2.15.3.2 Sample Mutator

"mutator.ss":

  #lang planet plai/plai/mutator
  (allocator-setup "collector.ss" 84)
  
  (define (fact x)
   (if (zero? x)
       1
       (* x (fact (sub1 x)))))
  
  (define (fact-help x a)
   (if (zero? x)
       a
       (fact-help (sub1 x) (* x a))))
  
  (define lst (cons 1 (cons 2 (cons 3 empty))))
  
  (define (map-add n lst)
   (map (lambda (x) (+ n x)) lst))
  
  (define (map f lst)
   (if (cons? lst)
       (cons (f (first lst)) (map f (rest lst)))
       empty))
  
  (define (filter p lst)
   (if (cons? lst)
       (if (p (first lst))
           (cons (first lst) (filter p (rest lst)))
           (filter p (rest lst)))
       lst))
  
  (define (append l1 l2)
   (if (cons? l1)
       (cons (first l1) (append (rest l1) l2))
       l2))
  
  (define (length lst)
   (if (empty? lst)
       0
       (add1 (length (rest lst)))))
  
  (define tail (cons 1 empty))
  (define head (cons 4 (cons 3 (cons 2 tail))))
  (set-rest! tail head)
  
  (printf "res ~a~n" head)
  (set! head empty)
  (set! tail head)
  (printf "res ~a~n" lst)
  (printf "res ~a~n" (length '(hello goodbye)))
  (printf "res ~a~n" (map sub1 lst))
  
  (printf "(fact-help 15 1): ~a~n" (fact-help 15 1))
  (printf "(fact 9): ~a~n" (fact 9))
  
  (printf "(append lst lst): ~a~n" (append lst lst))
  
  (printf "(map-add 5 lst): ~a~n" (map-add 5 lst))
  (printf "(filter even? (map sub1 lst)): ~a~n"
          (filter even? (map sub1 lst)))
  (printf "(length lst): ~a~n" (length lst))

If your collector works correctly on the heap size you’ve specified, this should result in:

  > (printf "res ~a~n" head)

  res #0={4 3 2 1 . #0#}

  > (set! head empty)
  > (set! tail head)
  > (printf "res ~a~n" lst)

  res (1 2 3)

  > (printf "res ~a~n" (length '(hello goodbye)))

  res 2

  > (printf "res ~a~n" (map sub1 lst))

  res (0 1 2)

  > (printf "(fact-help 15 1): ~a~n" (fact-help 15 1))

  (fact-help 15 1): 1307674368000

  > (printf "(fact 9): ~a~n" (fact 9))

  (fact 9): 362880

  > (printf "(append lst lst): ~a~n" (append lst lst))

  (append lst lst): (1 2 3 1 2 3)

  > (printf "(map-add 5 lst): ~a~n" (map-add 5 lst))

  (map-add 5 lst): (6 7 8)

  > (printf "(filter even? (map sub1 lst)): ~a~n"
            (filter even? (map sub1 lst)))

  (filter even? (map sub1 lst)): (0 2)

  > (printf "(length lst): ~a~n" (length lst))

  (length lst): 3

2.15.4 Notes

You must store bookkeeping data on the heap provided by GC Collector Scheme.
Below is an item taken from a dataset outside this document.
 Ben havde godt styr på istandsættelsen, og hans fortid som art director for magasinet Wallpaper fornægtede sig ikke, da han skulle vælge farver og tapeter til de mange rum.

You may store 2-3 atomic values, such as addresses into the heap as variables in your garbage collector. We will assume they represent machine registers. However, all compound data structures must be on the heap.
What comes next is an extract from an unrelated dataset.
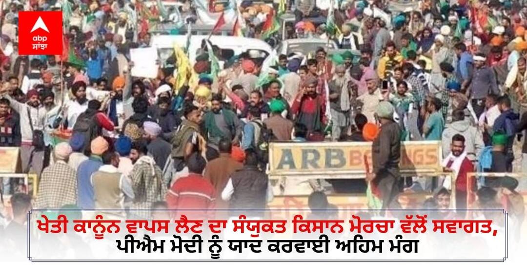 ਉਧਰ, ਪ੍ਰਧਾਨ ਮੰਤਰੀ ਦੇ ਐਲਾਨ ਦਾ ਸੁਆਗਤ ਕਰਦੇ ਹੋਏ ਸੰਯੁਕਤ ਕਿਸਾਨ ਮੋਰਚਾ ਨੇ ਕਿਹਾ ਕਿ ਇਹ ਕਾਨੂੰਨ ਸੰਸਦ ਵਿੱਚ ਰੱਦ ਹੋਣ ਦਾ ਇੰਤਜ਼ਾਰ ਕਰਾਂਗੇ। ਕਿਸਾਨ ਮੋਰਚੇ ਨੇ ਇਹ ਵੀ ਯਾਦ ਕਰਵਾਇਆ ਹੈ ਕਿ ਕਿਸਾਨ ਅੰਦੋਲਨ ਦੀ ਅਹਿਮ ਮੰਗ ਸੀ ਕਿ ਘੱਟੋ-ਘੱਟ ਸਮਰਥਨ ਮੁੱਲ 'ਤੇ ਕਾਨੂੰਨ ਬਣਾਇਆ ਜਾਵੇ, ਜੋ ਅਜੇ ਲੰਬਿਤ ਹੈ। ਸਰਕਾਰ ਦੇ ਰਵੱਈਏ 'ਚ ਬਦਲਾਅ ਨੂੰ ਲੈ ਕੇ ਕਿਸਾਨ ਮੋਰਚੇ ਦੇ ਆਗੂਆਂ ਦੀ ਮੀਟਿੰਗ ਬੁਲਾਈ ਜਾਵੇਗੀ।

In particular, in the mark & sweep collector, you should maintain a free list in the heap. That is, you should not use any auxiliary data structure; instead, use the available space in the heap to keep track of the free list. You may use one extra box (“register”) to point to the start of the free list. You may need to adjust your allocation accordingly to have enough space to maintain free list pointers!

Some final words of advice:
  • You will want to test your program with small heap sizes, so that the garbage collector runs frequently.
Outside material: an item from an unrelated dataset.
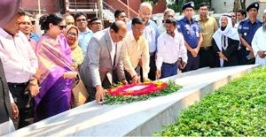 বৃহস্পতিবার (১২ অক্টোবর) সকাল পৌনে ১০টায় জাতির পিতা বঙ্গবন্ধু শেখ মুজিবুর রহমানের সমাধি সৌধের বেদীতে ফুল দিয়ে শ্রদ্ধা জানান তিনি। পরে তিনি বেদীর পাশে কিছুক্ষণ নীরবে দাঁড়িয়ে থেকে মহান নেতার প্রতি সম্মান প্রদর্শন করেন।

  • You do not need to compact memory in mark-and-sweep.

  • You may find it convenient to use the Scheme construct set!, which allows you to mutate a variable without using boxes. We recommend you use this feature only in one instance: when swapping the semispaces in the stop & copy collector. This will save you the trouble of unboxing the heap every time you use it.

2.15.5 Grading

This assignment is graded as a written assignment. The coding style guidelines count as a single question.